Drywall mud for exterior. Now that's funny. Not for you obv CD, but you gotta admit.

It would be pretty awesome to see a guy mudding and taping cracks on exterior brick walls with the stuff.

"You should always use paper tape on cracks! Not the mesh stuff! Won't hold up!"


----------



## PACman (Oct 24, 2014)

cdpainting said:


> Pac, we like I said has been our last 4 exteriors to bid on. I've never seen it before used outside.
> 
> This is a very high traffic pizza joint, very busy downtown and was painted by a worse hack than depot or Lowe's would offer.
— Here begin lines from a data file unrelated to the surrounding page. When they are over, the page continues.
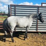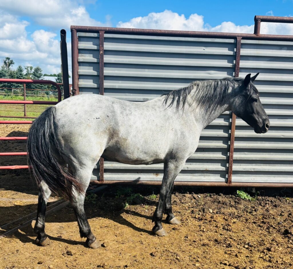 Lot 165: Draft x Mare. “Belle” Blue Roan. 8 Year Old. 15.2 hh. Belle is an outstanding True Blue Roan, Percheron Quarter Horse cross Mare. This stunning Mare has had some very nice blue roan foals. Belle was ridden and driven as a two and three year old but has been a broodmare since. She is bred to a Blue Roan Percheron Brabant Stallion for a May 2026 foal. She is a must see!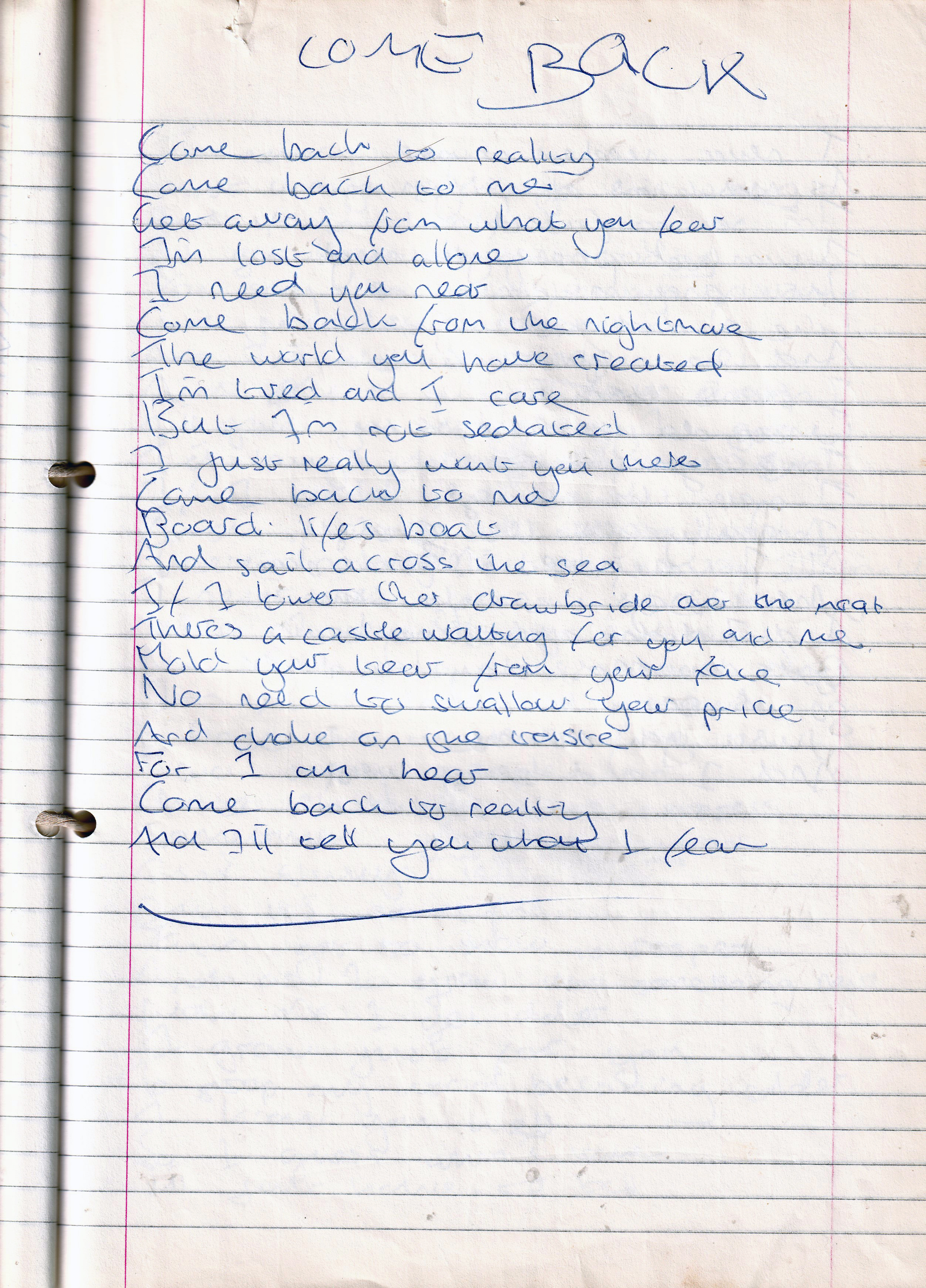 Come Back – Written Between Tuesday 15th February 1994 and November 1994 (Aged 18/19)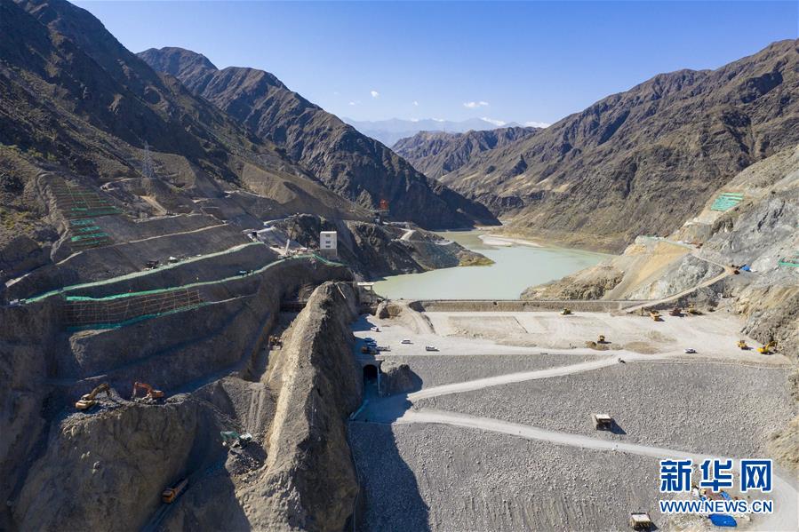7月15日拍摄的新疆精河下天吉水利枢纽二期工程施工现场(无人机照片)。 精河下天吉水利枢纽工程是新疆重点水利工程,位于新疆博尔塔拉蒙古自治州精河县境内。眼下,二期工程建设正稳步推进,300多名工人、数十台大型机械在工地忙碌。二期工程于2019年8月开工,计划总工期为31个月,包括坝体加高、坝肩溢洪道、引水发电系统、地面厂房建设等。工程建成后,可满足精河灌区43万多亩农田的灌溉需求,同时提升精河流域防洪能力,促进精河县电力和工业发展。 新华社记者 胡虎虎 摄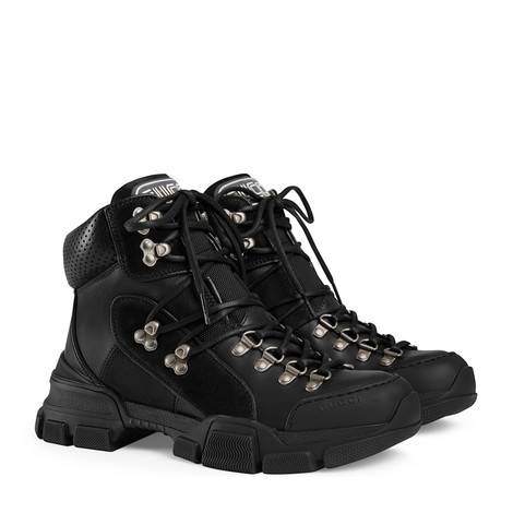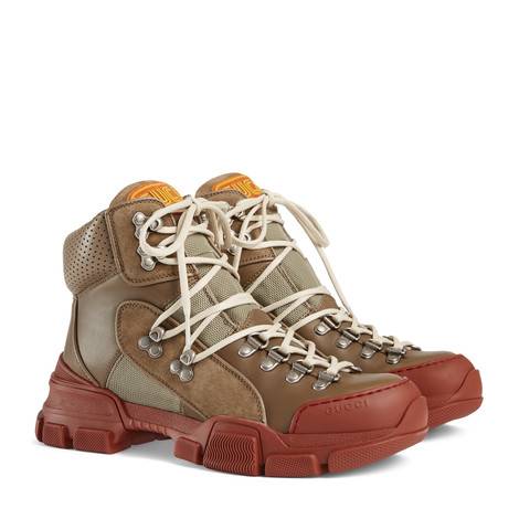Scostumista-Tendenze Autunno: Gli scarponcini da trekking – Camminare ristora il fisico, la mente e l’anima e praticare trekking in alta montagna ci fa conoscere sentieri spettacolari, laghi cristallini, scenari rilassanti. Le passeggiate per le vie delle città certo non ci danno la possibilità di respirare aria pura e incontaminata, ma offrono comunque luoghi interessanti da scoprire, e i benefici sul fisico non sono da meno. Coloro che quest’anno decidono di volersi dedicare a lunghe passeggiate alpine, ma anche chi vuole semplicemente essere glamour e seguire le ultime tendenze, indosseranno inevitabilmente un massiccio scarponcino da trekking anche sotto l’abito più leggero e fluttuante. Ebbene sì, se da ormai svariate stagioni le sneakers sono state le calzature più gettonate e indossate con ogni tipo di outfit, per quest’inverno gli stilisti propongono scarponcini da montagna con tanto di gancetti alla caviglia per attorcigliare i lacci. C’è chi come Alessandro Michele, maestro nel mixare stili all’apparenza inconciliabili, reinterpreta per Gucci il classico scarponcino realizzato con materiali, come gomma, pelle, camoscio e tessuto tecnico, aggiungendo una suola oversize. Moncler, marchio che nasce proprio all’insegna dell’outwear e che solo in recenti stagioni ha acquisito una vena più fashionista, concilia glamour e confort con stivaletti dalla silhouette ispirata agli scarponi da trekking, realizzati in pelle scamosciata, rifiniti con una morbida pelliccia di agnello montata in shearling alle caviglie; c’è anche una versione più autentica con suola e laccio tricolore, segno distintivo del brand. La versione più elegante, e anche la più cara (€1300) la propone il marchio di lusso per eccellenza, Louis Vuitton, che crea una variante dell’anfibio basso Territory, realizzata in pelle di vitello liscia con finiture in morbida pelliccia di volpe. I dettagli e la finitura dorata delle parti metalliche creano un interessante contrasto con lo stile sportivo dell’allacciatura e della suola in gomma scolpita, ispirate ai classici modelli da hiking. Per passeggiate meno impegnative Isabel Marant progetta ankle-boots in tessuto tecnico, ma ci aggiunge una zeppa all’interno poco adatta certo a passeggiate su percorsi accidentati. Poco importa, il trekking in effetti è solo fonte d’ispirazione, Prada infatti al massiccio stivaletto ci aggiunge un tacco 12. Per wonderlust metropolitani il marchio che più s’ispira allo street-style, ovvero Off-White, realizza hiking boots in pelle marrone con placcatura in metallo sul tallone, da indossare con un abito super femminile per un look inaspettato. I più cult: quelli di Acne Studios, in nabuck nero e pelle arancione alla caviglia. In vernice nera lucida montata su una spessa suola in gomma quelli di Kenzo; mentre sono realizzati in pelle scamosciata marrone con finiture in pelle tono su tono e fodera in shearling gli scarponcini firmati See by Chloé. Per i veri amanti di escursioni ad alta quota ci si può affidare sempre a marchi specifici nell’abbigliamento da montagna, come Dolomite, Salomon, Quecha… ma non è certo escluso poterli indossare anche sotto eleganti abiti in leggiadro chiffon. di Annapaola Brancia d’Apricena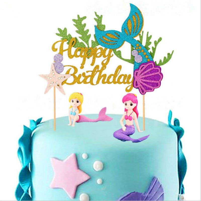 Cake Topper MERMAID HBD Gold Glitter hiasan kue Happy Birthday dekorasi kue cake Topper kue ulang tahun MERMAID birthday cake topper mermaid

Oh. It was done on a slow pizza day by stoned pizza delivery drivers. I get it. But really? Worse the Home Depot or Lowe's?


----------



## Seth The Painter (Jun 24, 2015)

Sometimes you think you seen it all then you come here. Joint compound? Outside? Really? That's just pathetic imo.


----------



## Jmayspaint (Mar 26, 2013)

Seth The Painter said:


> Sometimes you think you seen it all then you come here. Joint compound? Outside? Really? That's just pathetic imo.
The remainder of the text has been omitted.